Я их разносил в пух и прах. У меня как раз был период увлечения Донатьеном Альфонсом Франсуа де Садом.
— У анархистов в голове такой же запор, как и у марксистов, — выдавал я; вы уже узнаете стиль? — Кто выступает от имени таламуса, желез внутренней секреции, клеток организма? Кто видит организм? Мы прикрываем его одеждой, чтобы спрятать человекообразность. Мы не освободимся от рабства, пока люди не начнут сбрасывать с себя весной одежду и хранить ее в шкафу до следующей зимы. Мы не станем людьми в том смысле, в каком обезьяны — это обезьяны, а собаки — собаки, пока не начнем трахаться, когда и где нам захочется, как это делают другие животные. Трах на улицах — не просто эпатаж: это освобождение наших тел. Не освободив наши тела, мы по-прежнему останемся добропорядочными благоразумными роботами, а не людьми, обладающими врожденным интеллектом. — И так далее. И тому подобное.
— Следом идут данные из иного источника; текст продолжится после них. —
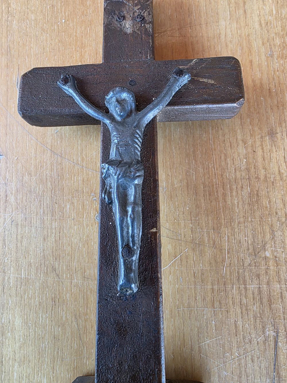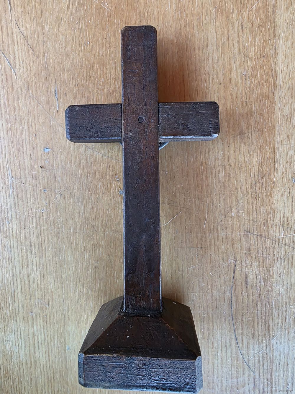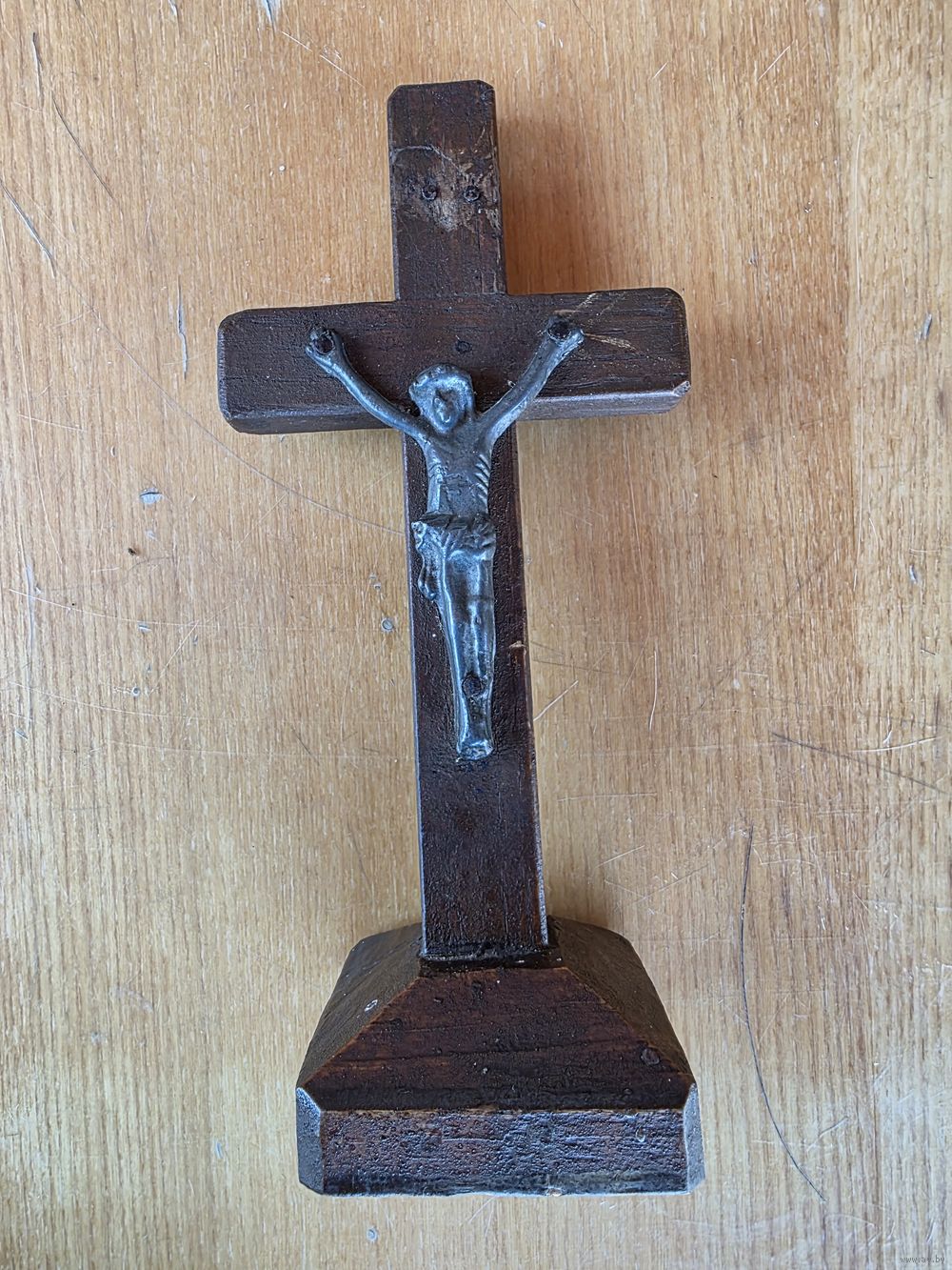 Распятие из дерева. Иисус-свинец. Высота 22,5 см, ширина 10,5 см. Подставка 7,3 см.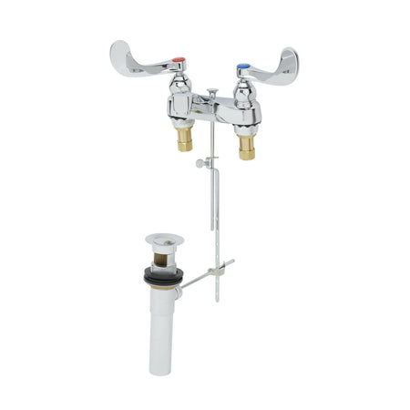 Medical Faucet, Deck Mount, Cast Basin Spout, Aerator, 4" Wrist Action Handles, Pop-Up

Наверное, когда меня несет, я способен найти сильные аргументы, оправдывающие даже необходимость изнасилований и убийств.
— Следующий за анархией шаг, — сказал кто-то цинично. — Настоящий хаос.
— А почему бы нет? — спросил я. — Кто из вас тут работает, как все люди? — Конечно же, никто не отозвался; я отсыпал себе еще дозу. — А станете вы ходить на такую работу ради какой-то организации, члены которой называют себя анархо-синдикалистами? Будете вы стоять за токарным станком по восемь сраных часов в день, если синдикат скажет, что народу нужна ваша продукция? Если да, то новым тираном станет народ.
— К черту машины, — с воодушевлением воскликнул поэт Кевин Маккул. — Назад, в пещеры! — Он обкурился не хуже меня.
Восточная мордашка приблизилась: на лбу повязка, украшенная золотым яблоком внутри пятиугольника. Черные глаза девушки почему-то напомнили мне голубые глаза моего отца.
— То, к чему вы стремитесь, — это организация воображения? — вежливо поинтересовалась она.
Я отшатнулся. Услышать именно эти слова именно в тот момент — это было уж слишком!
— Один парень из Общества Веданты рассказывал, что Джон Диллинджер прошел сквозь стену, когда совершил побег из тюрьмы Краун-Пойнт, — спокойно продолжала мисс Мао. — Вы считаете, такое возможно?
Вы знаете, как обычно сумрачно в кофейнях. Но в «Дружелюбном незнакомце» было еще темнее, чем везде. Пора было выметаться. Блейк по утрам за завтраком беседовал с архангелом Гавриилом, но я еще не достиг таких высот.
— Эй, Саймон, ты куда? — донесся до меня чей-то голос. Мисс Мао ничего не сказала, а я не оглядывался на это тонкое задумчивое лицо. Было бы намного проще, будь оно мрачным и непроницаемым. Но когда я вышел на улицу и направился в сторону Фуллертон-стрит, сзади послышались шаги. Я обернулся, и Падре Педерастия ласково коснулся моей руки.